→ **Try it**:
Look below for the line containing "No cadastro de"; from there through the line containing "The most piquant", both lines included, please set down each line exactly and nothing else.

→ **Extracted entries**:
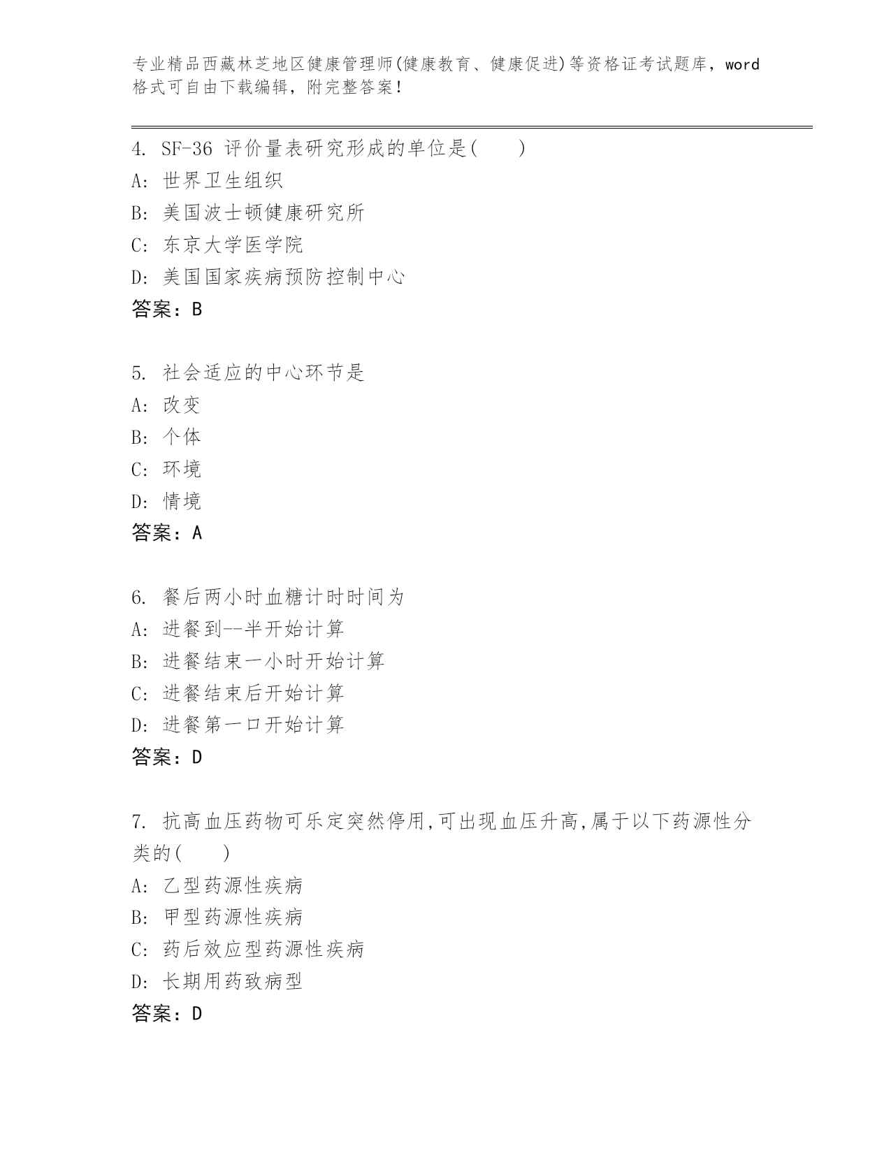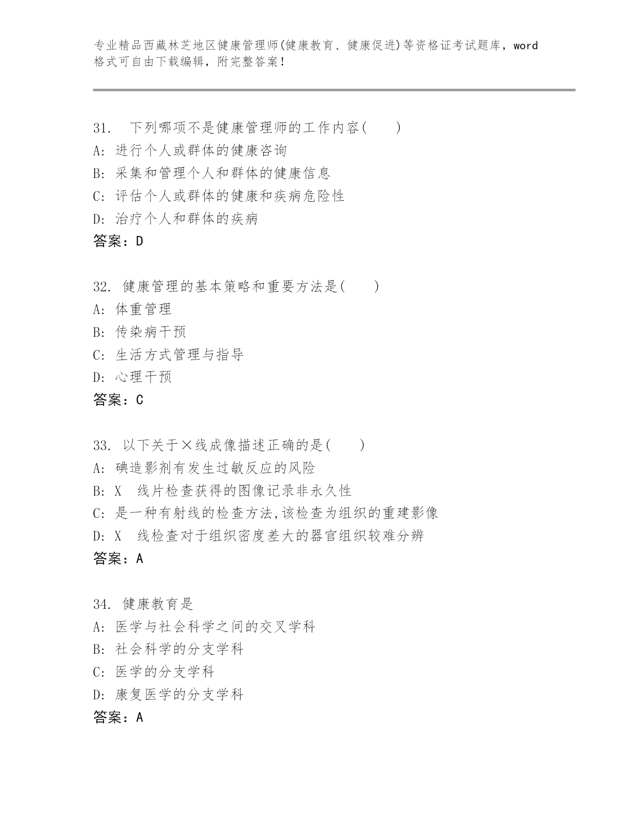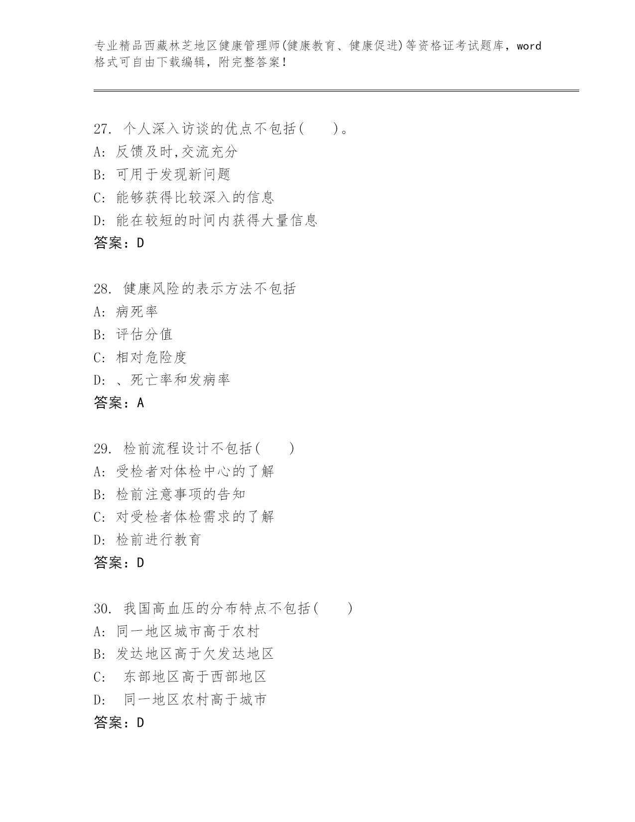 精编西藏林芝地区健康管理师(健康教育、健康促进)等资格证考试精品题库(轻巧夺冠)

==

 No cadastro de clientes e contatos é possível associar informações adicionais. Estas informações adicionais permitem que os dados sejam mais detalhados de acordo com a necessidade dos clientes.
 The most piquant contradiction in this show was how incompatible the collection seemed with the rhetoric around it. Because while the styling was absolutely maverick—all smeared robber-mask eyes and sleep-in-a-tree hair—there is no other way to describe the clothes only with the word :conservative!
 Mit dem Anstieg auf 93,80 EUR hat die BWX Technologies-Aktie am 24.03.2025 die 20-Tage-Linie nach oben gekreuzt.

→ **Answer**:
 No cadastro de clientes e contatos é possível associar informações adicionais. Estas informações adicionais permitem que os dados sejam mais detalhados de acordo com a necessidade dos clientes.
 The most piquant contradiction in this show was how incompatible the collection seemed with the rhetoric around it. Because while the styling was absolutely maverick—all smeared robber-mask eyes and sleep-in-a-tree hair—there is no other way to describe the clothes only with the word :conservative!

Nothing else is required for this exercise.